Арсеньева обвинили в безбожии, в дерзостных мыслях по отношению к существующему правительству. Раупаха и Галича – в том же самом. Министр Голицын писал, что под именем философии, статистики и истории означенные профессора проповедуют обдуманную систему неверия, правил зловредных, клонящихся к разрушению монархии.
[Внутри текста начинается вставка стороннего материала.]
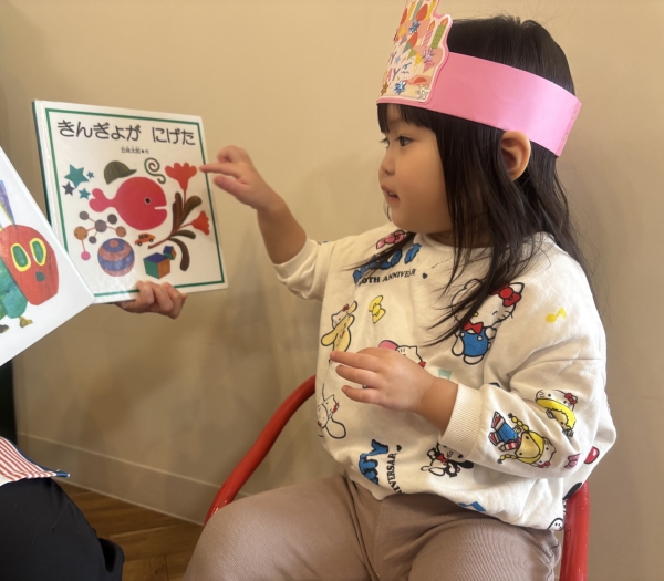 2つの絵本を用意すると「きんぎょがにげた」の絵本を選び嬉しそうな様子♡
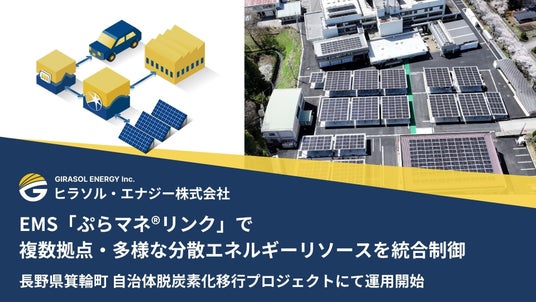 百年続く太陽光発電の実現を目指す、ヒラソル・エナジー株式会社(東京都文京区、代表取締役:李 旻、以下「当社」)は、長野県箕輪町が推進した複数拠点にまたがる分散型エネルギーリソース(DER)による自治体脱炭素化移行プロジェクト(以下「本プロジェクト」※1)に参画し、箕輪町内の複数の公共施設に、エネルギーマネジメントシステム(EMS)「ぷらマネ(R)︎リンク」の導入と、オンサイトPPA型太陽光発電所の導入支援を提供しました。
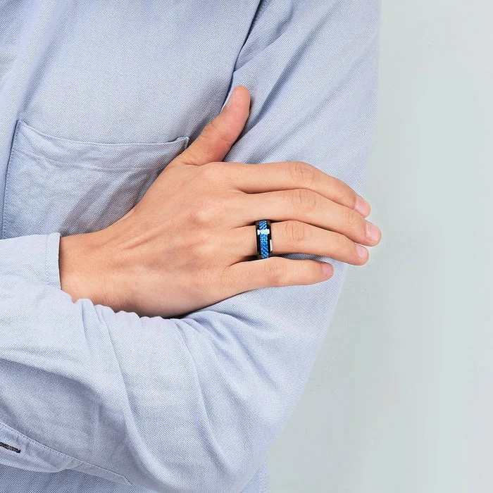 • 8mm Black Tungsten Ring for Men Women Engagement Wedding Band Blue Carbon Fiber Inlay Beveled Comfort Fit

Уволенные профессора были заменены тупыми невеждами, но надежными монархистами. Строгости в пансионе усилились, министерский казенный дух утвердился, жизнь в общежитии становилась невыносимой.
Маркевич оставил сам пансион и уехал в деревню. Кружки и общества окончательно развалились.
Неудивительно, что Глинка проводил все свободное время у дядюшки Ивана Андреевича.
А тут еще дядюшка Афанасий Андреевич со всею своей семьей переехал на жительство в Петербург и поселился у брата в огромном доме на Невском. Казалось, вся щмаковская усадьба перебралась в Петербург.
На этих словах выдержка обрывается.